This month, world leaders met in Marrakech to discuss how to unleash $125 billion in new lending through World Bank reforms. There was universal support for bank President Ajay Banga’s proposed reforms, although it is clear that shareholders will not be injecting more capital into the bank. This begs the question of how multilateral development banks, including the World Bank, can have a greater impact on their current balance sheet. As mayors of two cities in the global south, we believe that this work will be in vain if it does not focus on how to get much more investment into cities.
The path to net zero runs through the world’s cities. They are home to over half the world’s population, generate more than 80% of global gross domestic product, and an estimated 75% of greenhouse gas emissions.

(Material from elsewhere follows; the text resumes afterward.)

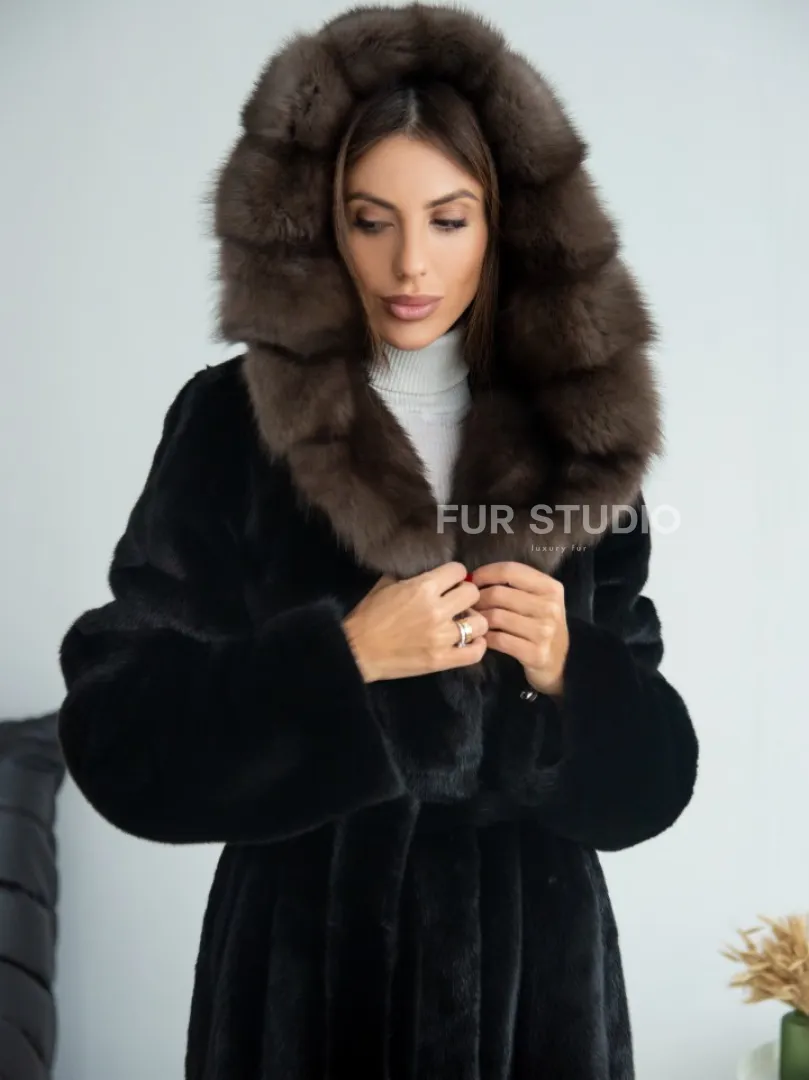 Норка BLACKGLAMA, пластины с капюшоном из меха куницы доступна для покупки в нашем шоуруме Furs Studio в Москве. У нас так же есть доставка во все города России. Добавьте немного роскоши в свой гардероб с этой шубой, которая будет служить вам многие годы.

City governments are at the forefront of the climate crisis: they are already facing climate risks, including severe flooding and extreme heat, as well as receiving climate migrants. They must also invest in low-carbon, resilient infrastructure to accommodate the projected 2.5 billion increase in urban population by 2050.

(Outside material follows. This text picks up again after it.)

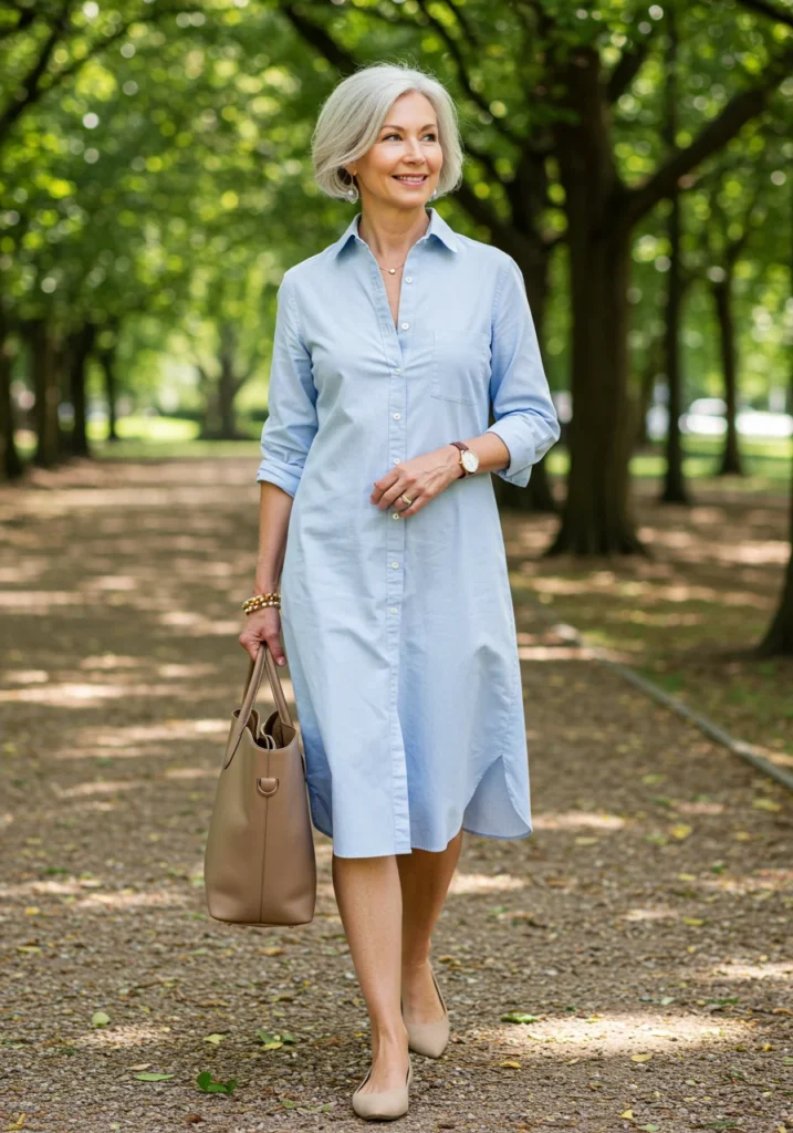 A light blue shirt dress is a timeless, comfortable option for day events. The tailored design flatters the waist and elongates the body, while the lightweight fabric keeps you cool. Beige flats and a leather tote provide a practical yet stylish finish, ideal for casual office days or afternoon events.

Many municipal governments have developed ambitious climate action plans and targets to cut emissions and support adaptation. But most — particularly in the global south — lack access to the funding they need for implementation. Their projects are seen as too small or too risky to attract private investment. To complicate matters, many cities are not able to raise taxes or borrow directly from MDBs, and major international financial institutions develop investment projects informed by national government priorities, which frequently leave cities out of the equation.